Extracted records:
--- --- ---

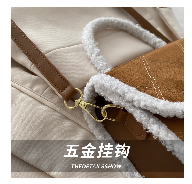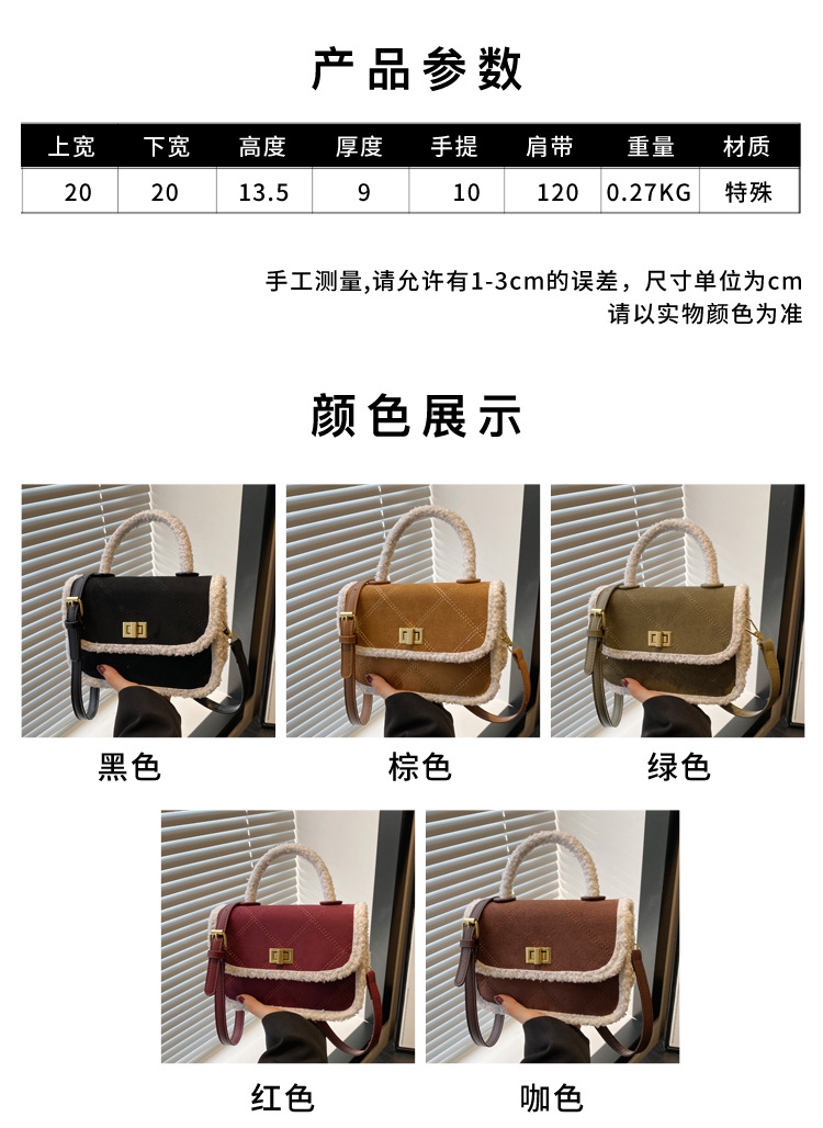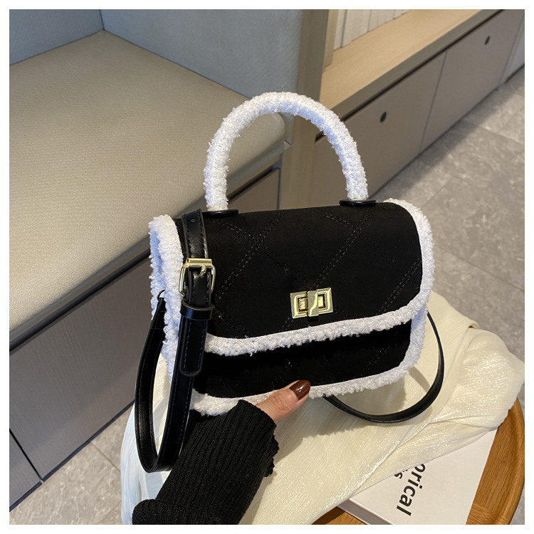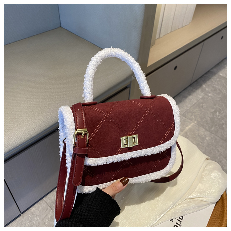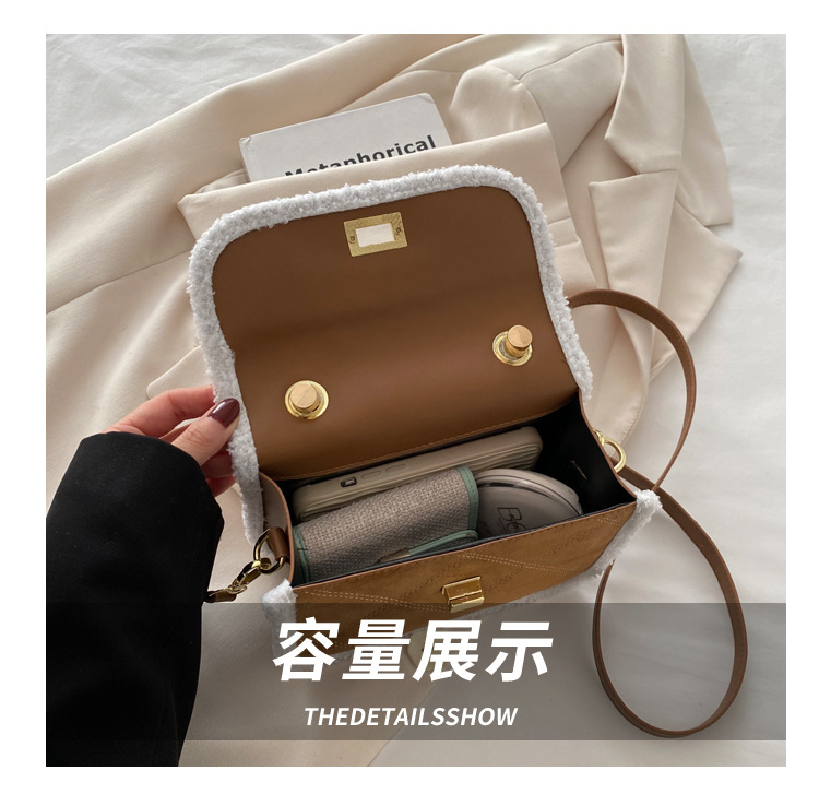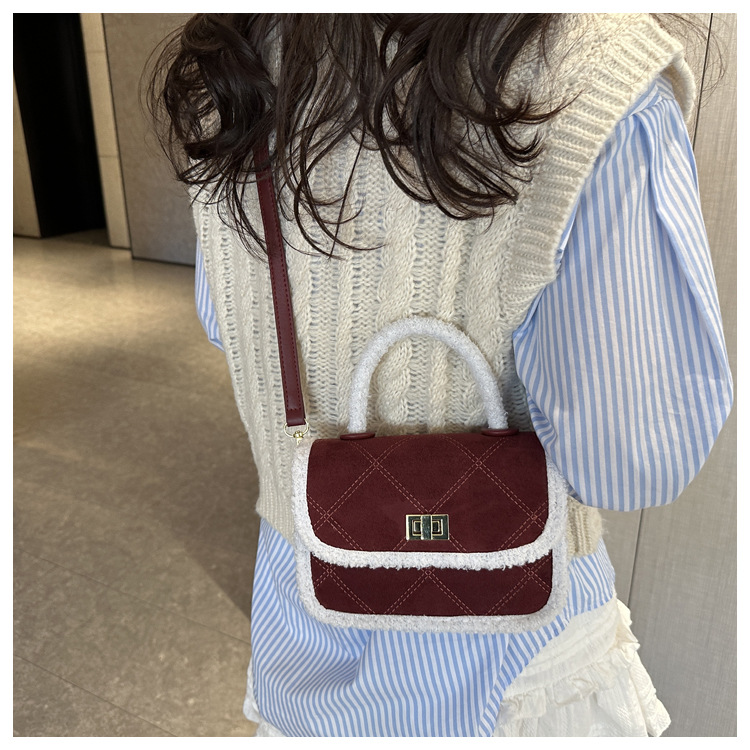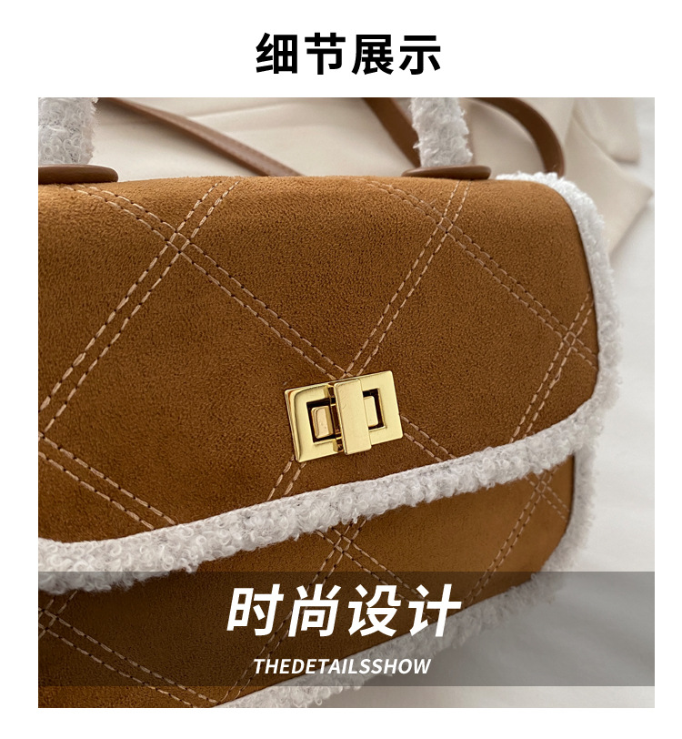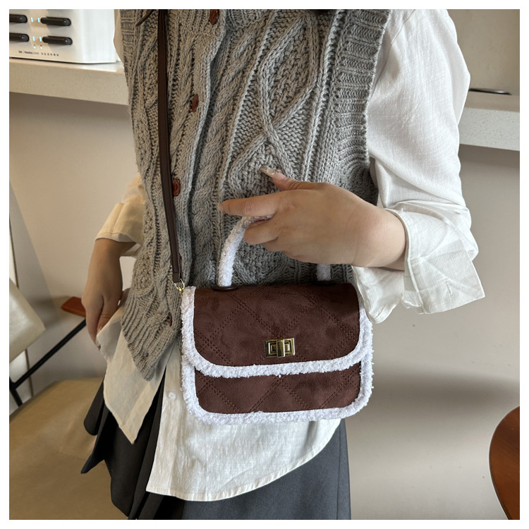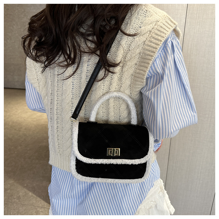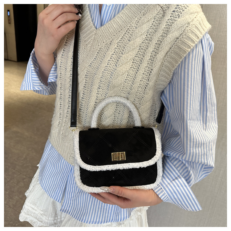 Bolso pequeño bolso de mano mujer 2025 nuevo estilo de primavera de hombro de moda bolso casual de piel de venado simple borde de peluche
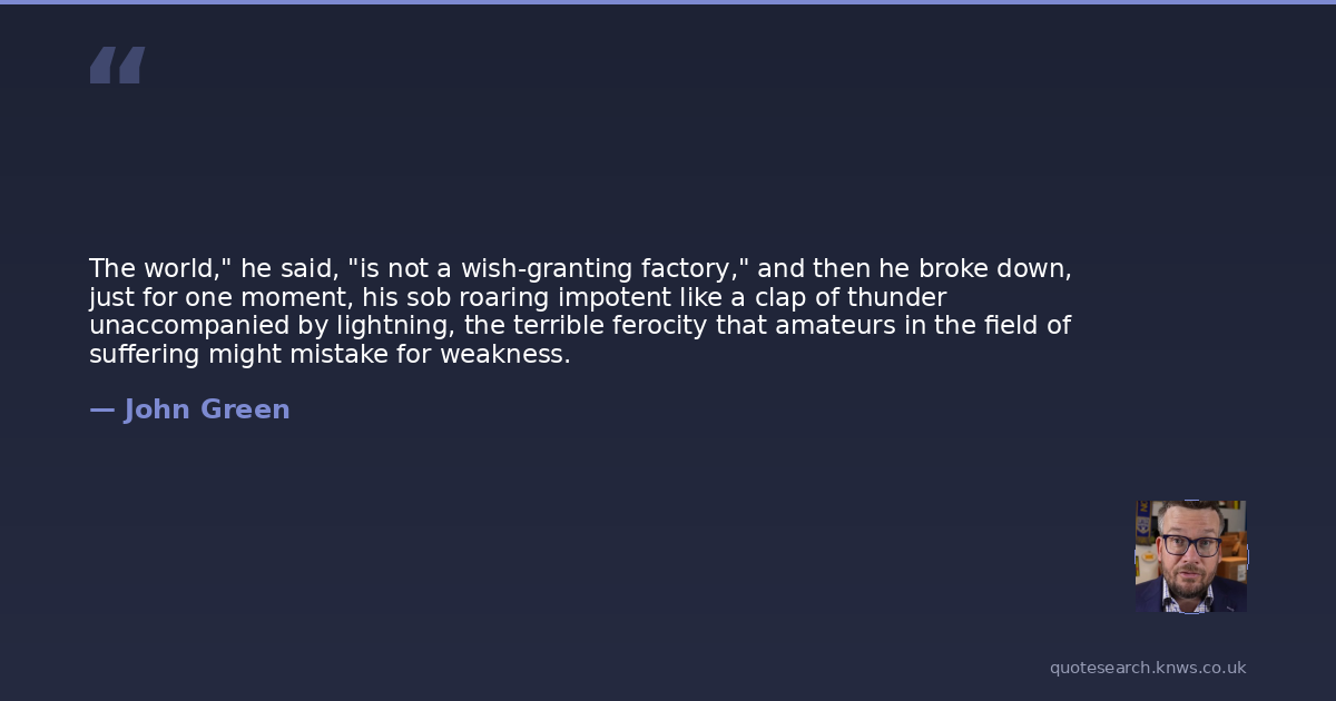 The world," he said, "is not a wish-granting factory," and then he broke down, just for one moment, his sob roaring impotent like a clap of thunder unaccompanied by lightning, the terrible ferocity that amateurs in the field of suffering might mistake for weakness.
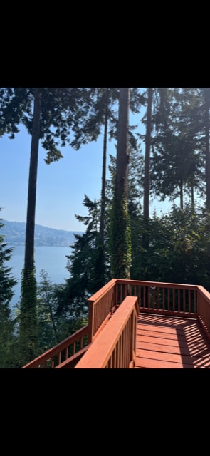 Hele den øvre enheten av huset med utsikt over innsjøen i Seattle-området (Sammamish) er din – det er to helt separate enheter med separate innganger. Bare den øvre enheten er til leie. Den nedre enheten brukes av eieren mens han er i byen. Huset har sentralt klimaanlegg, to soverom (hovedsoverommet har kingsize-seng med franske dører til balkongen, og det andre soverommet har queensize-seng), 1,5 bad og mer! Ingen kjæledyr!
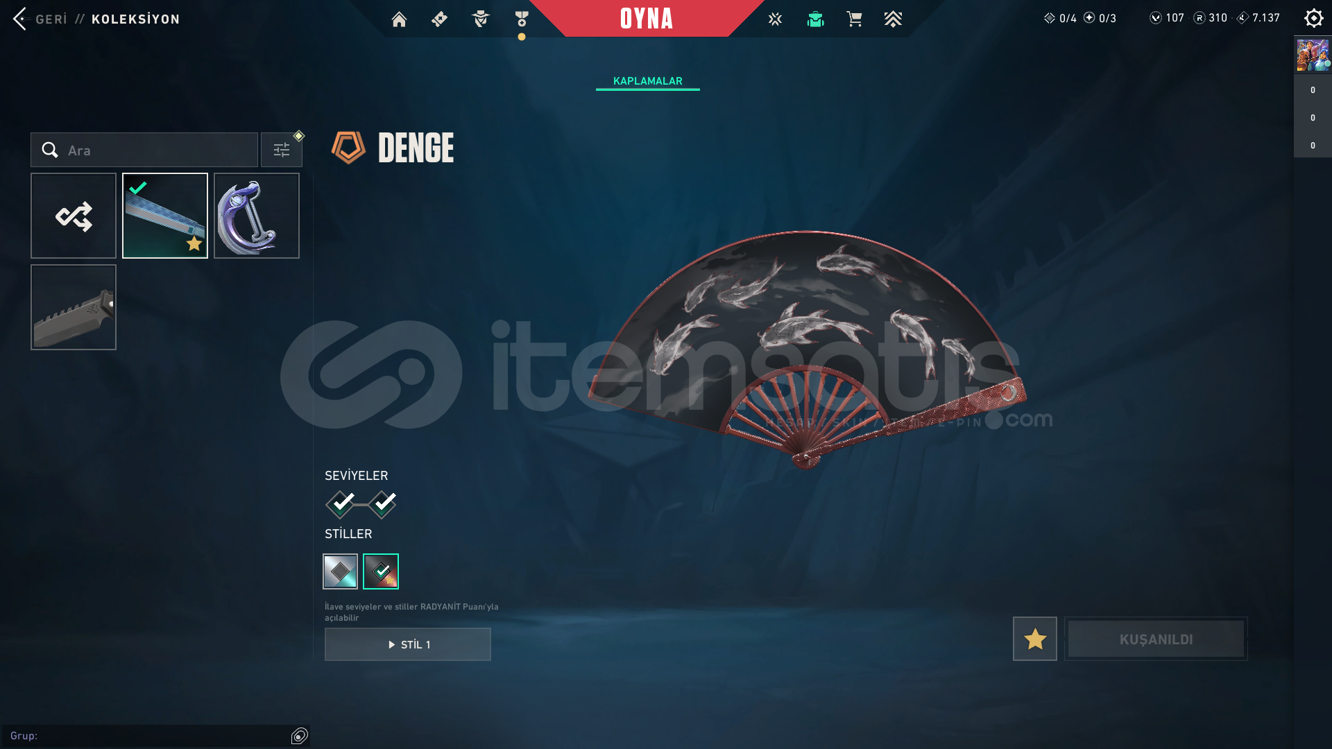 • hesapta 24 skin vardır
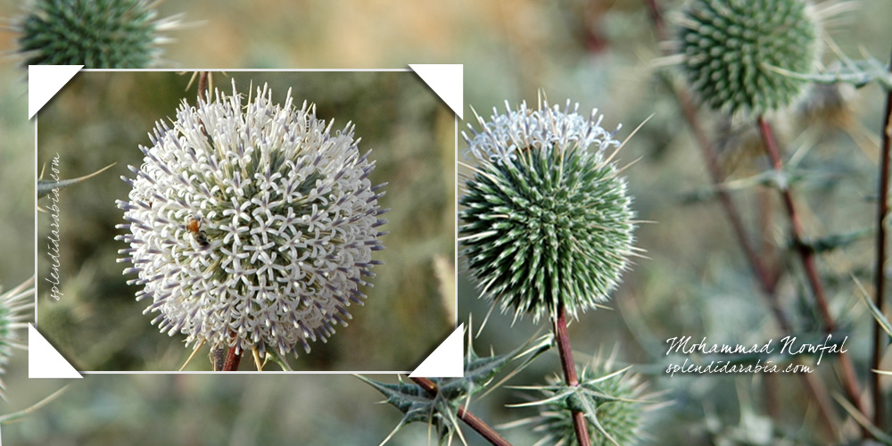 An erect branching spiny-leaved herb 1m high; very pale blue flowers in spherical heads 4cm wide; faint sweet scent; the spines do not extend beyond the open flowers and the stems are pale brownish. Widespread in the region.
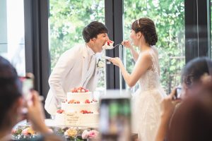 新郎新婦様がお互いにケーキを食べさせ合うシーンですが
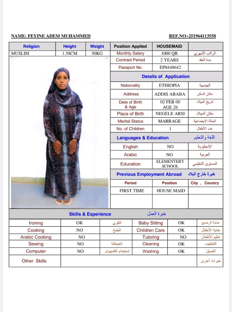 | المهنة : DOMESTIC WORKER | الجنس : أنثى |
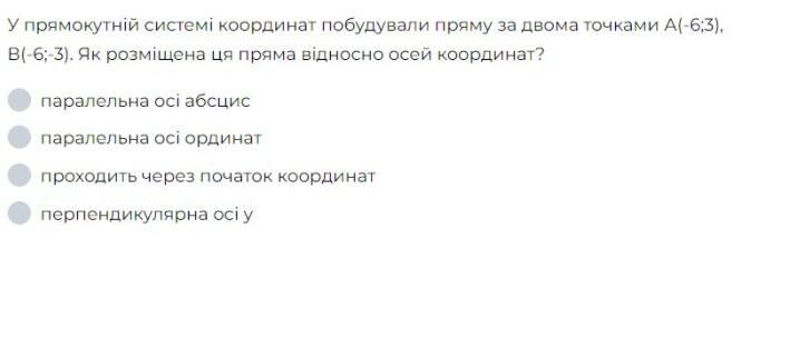 СРОЧНО ДАЮ 50 БАЛОВ!!!!! У прямокутній системі координат побудували пряму за двома точками A(-6;3), В(-6;3). Як розміщена ця пряма відносно осей координат? паралельна осі абсцис паралельна осі ординат проходить через початок координат перпендикулярна осі у
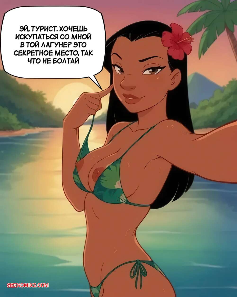 Порно комикс Лило и Стич. Нани трахается с туристом. Nani Fucks a Tourist Парень приехал на курорт, где сразу же встретил красотку Нани. Девушка сразу положила глаз на туриста и пригласила его к себе. Возбужденная брюнетка разделась и отсосала хуй парня, после чего дала ему себя выебать и кончить ей в пизденку.

--- --- ---

§ **Instructions to follow**
Copy exactly, and only, the lines running from the one containing "Hele den øvre" through the final line of the data, and omit the pictures.

§ **Answer space**
 Hele den øvre enheten av huset med utsikt over innsjøen i Seattle-området (Sammamish) er din – det er to helt separate enheter med separate innganger. Bare den øvre enheten er til leie. Den nedre enheten brukes av eieren mens han er i byen. Huset har sentralt klimaanlegg, to soverom (hovedsoverommet har kingsize-seng med franske dører til balkongen, og det andre soverommet har queensize-seng), 1,5 bad og mer! Ingen kjæledyr!
 • hesapta 24 skin vardır
 An erect branching spiny-leaved herb 1m high; very pale blue flowers in spherical heads 4cm wide; faint sweet scent; the spines do not extend beyond the open flowers and the stems are pale brownish. Widespread in the region.
 新郎新婦様がお互いにケーキを食べさせ合うシーンですが
 | المهنة : DOMESTIC WORKER | الجنس : أنثى |
 СРОЧНО ДАЮ 50 БАЛОВ!!!!! У прямокутній системі координат побудували пряму за двома точками A(-6;3), В(-6;3). Як розміщена ця пряма відносно осей координат? паралельна осі абсцис паралельна осі ординат проходить через початок координат перпендикулярна осі у
 Порно комикс Лило и Стич. Нани трахается с туристом. Nani Fucks a Tourist Парень приехал на курорт, где сразу же встретил красотку Нани. Девушка сразу положила глаз на туриста и пригласила его к себе. Возбужденная брюнетка разделась и отсосала хуй парня, после чего дала ему себя выебать и кончить ей в пизденку.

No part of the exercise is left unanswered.